When writing out the entries below, keep only the lines from the line with "Etude #2 Art" to the line with "YUV 148.529,-16.037,-36.421 Color", both included, exactly as they are, and leave the pictures aside.

== Provided data ==

++++++++++

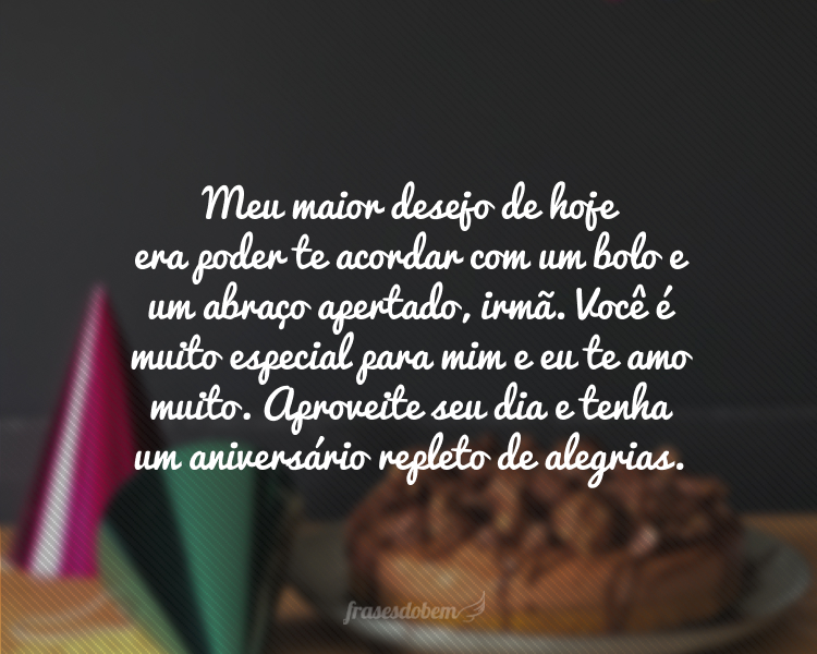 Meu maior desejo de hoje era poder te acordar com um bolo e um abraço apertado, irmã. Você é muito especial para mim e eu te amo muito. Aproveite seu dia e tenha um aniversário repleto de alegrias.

++++++++++

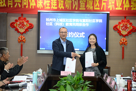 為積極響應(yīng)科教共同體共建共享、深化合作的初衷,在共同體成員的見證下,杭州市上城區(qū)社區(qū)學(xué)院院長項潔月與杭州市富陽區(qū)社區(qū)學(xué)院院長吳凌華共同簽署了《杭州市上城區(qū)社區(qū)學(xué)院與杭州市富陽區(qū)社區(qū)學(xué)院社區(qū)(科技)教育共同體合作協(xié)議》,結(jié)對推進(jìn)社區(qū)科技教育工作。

++++++++++

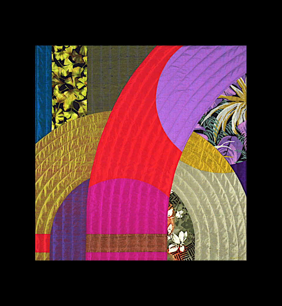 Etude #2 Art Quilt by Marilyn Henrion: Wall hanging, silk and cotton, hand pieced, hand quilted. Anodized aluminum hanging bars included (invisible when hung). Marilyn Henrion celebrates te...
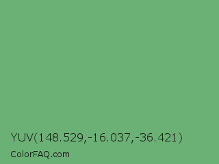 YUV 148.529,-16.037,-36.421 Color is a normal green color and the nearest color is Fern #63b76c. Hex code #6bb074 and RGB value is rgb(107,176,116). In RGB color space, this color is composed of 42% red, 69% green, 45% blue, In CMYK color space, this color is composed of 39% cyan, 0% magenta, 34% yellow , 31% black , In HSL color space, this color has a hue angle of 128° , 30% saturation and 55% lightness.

++++++++++

== Completed exercise ==
 Etude #2 Art Quilt by Marilyn Henrion: Wall hanging, silk and cotton, hand pieced, hand quilted. Anodized aluminum hanging bars included (invisible when hung). Marilyn Henrion celebrates te...
 YUV 148.529,-16.037,-36.421 Color is a normal green color and the nearest color is Fern #63b76c. Hex code #6bb074 and RGB value is rgb(107,176,116). In RGB color space, this color is composed of 42% red, 69% green, 45% blue, In CMYK color space, this color is composed of 39% cyan, 0% magenta, 34% yellow , 31% black , In HSL color space, this color has a hue angle of 128° , 30% saturation and 55% lightness.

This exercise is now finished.